The Army medical teams on board worked to get their patients to the hospital, whether performing surgery, treating diseases like malaria, cholera, dengue fever, and dysentery, or stabilizing injuries. Flash burns, extensive chest wounds, mutilated limbs, and massive hemorrhages were often seen as a result of bomb blasts and mortar fire.
Comfort set sail from San Pedro in June 1944, heading to Brisbane, Australia, then proceeded to Hollandia, New Guinea, where a major Army hospital center was established to treat casualties from the battles in the Philippines. She filled up twice with patients and transported them to San Pedro in November and December 1944.
She returned to the Philippines in February 1945, took on more wounded, and then transported them to Hollandia. Comfort went back to the Philippines in March to pick up more troops, then headed to Okinawa, where the invasion had just begun on April 1, 1945, named “Operation Iceberg.”
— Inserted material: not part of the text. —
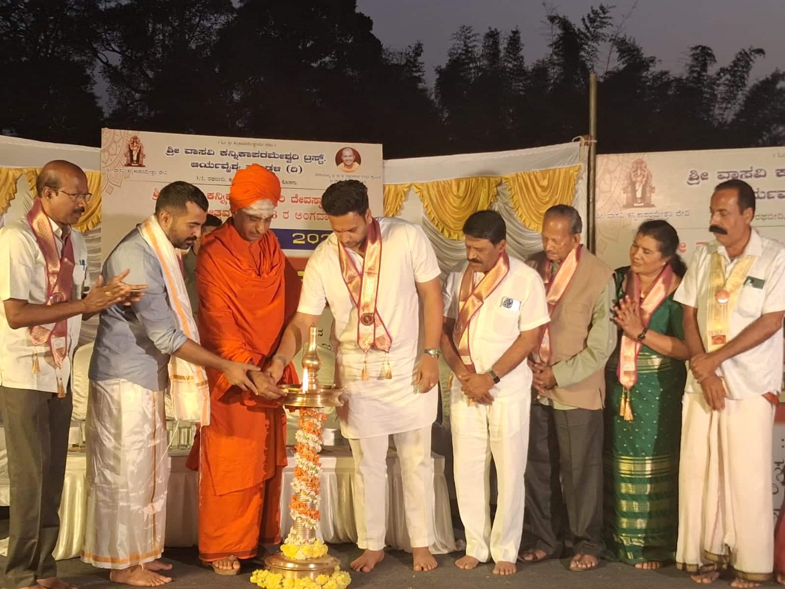 ಕಾರ್ಯಕ್ರಮಕ್ಕೂ ಮುನ್ನ ಸಮಸ್ತ ಮಹಿಳಾ ಭಜನಾ ಮಂಡಳಿಯಿಂದ ಭಜನಾ ಕಾರ್ಯಕ್ರಮ ವಂದೇ ಮಾತರಂ ರಾಷ್ಟ್ರೀಯ ಗೀತೆಯ 150ನೇ ವರ್ಷದ ಅಂಗವಾಗಿ ಗೀತೆ ಹಾಡಲಾಯಿತು.ಆರ್ಯವೈಶ್ಯ ಸಮಾಜದ ಪ್ರಮುಖರಾದ ವಿ.ಎನ್.ವಸಂತಕುಮಾರ್, ಉದಯಕುಮಾರ್, ಬಿ ಎಲ್ ಅಶೋಕ್ ಕುಮಾರ್, ಬಿ ಆರ್ ನಟರಾಜ್, ಕೆ.ಜೆ.ಸತೀಶ್, ವೈಶಾಕ್, ಪ್ರಶಾಂತ್, ಕೆ. ಪ್ರವೀಣ್, ಅಂಜನ್, ಕಾವೇರಿ ಮಹಾ ಆರತಿ ಬಳಗದ ಸಂಚಾಲಕಿ ವನಿತಾ ಚಂದ್ರಮೋಹನ್, ಆರ್ಯವೈಶ್ಯ ಮಹಿಳಾ ಮಂಡಳಿ ಅಧ್ಯಕ್ಷೆ ವಾಣಿ ಮಹೇಶ್, ತಾಲೂಕು ಗ್ಯಾರಂಟಿ ಸಮಿತಿ ಅಧ್ಯಕ್ಷ ವಿ.ಪಿ.ಶಶಿಧರ್, ಕೂಡ ಅಧ್ಯಕ್ಷ ಪ್ರಮೋದ್, ಜಿಪಂ ಮಾಜಿ ಅಧ್ಯಕ್ಷೆ ಕೆ.ಪಿ.ಚಂದ್ರಕಲಾ, ಮಾಜಿ ಸದಸ್ಯ ಬಿ.ಬಿ.ಭಾರತೀಶ್, ಹಿರಿಯ ಸಹಕಾರಿ ಎಂ.ಎನ್.ಕುಮಾರಪ್ಪ, ಪತ್ರಕರ್ತೆ ಸವಿತಾ ರೈ, ಧರ್ಮಸ್ಥಳ ಗ್ರಾಮಾಭಿವೃದ್ದಿ ಯೋಜನೆಯ ಕೊಡಗು ನಿರ್ದೇಶಕಿ ಲೀಲಾವತಿ, ಕಾವೇರಿ ಮಹಾ ಆರತಿ ಬಳಗದ ಪ್ರಮುಖರಾದ ಮಂಡೆಪಂಡ ಬೋಸ್ ಮೊಣ್ಣಪ್ಪ, ಧರಣಿ ಸೋಮಯ್ಯ, ಮತ್ತು ವಾಸವಿ ಸಪ್ತಾಹ ಸಮಿತಿ, ವಿವಿಧ ಸಂಘಟನೆಗಳ ಪ್ರಮುಖರು, ಪದಾಧಿಕಾರಿಗಳು ಇದ್ದರು.

The Comfort and USS Relief (AH-1) arrived on April 2. The USS Hope (AH-7) arrived in Okinawa on April 9, and the USS Mercy (AH-6) arrived in mid-April. They both sailed back and forth to deliver patients to Saipan.
General Douglas MacArthur, USA, was in command, supported by Admiral Chester Nimitz, USN. Forces from the UK, Australia, New Zealand, and Canada took part.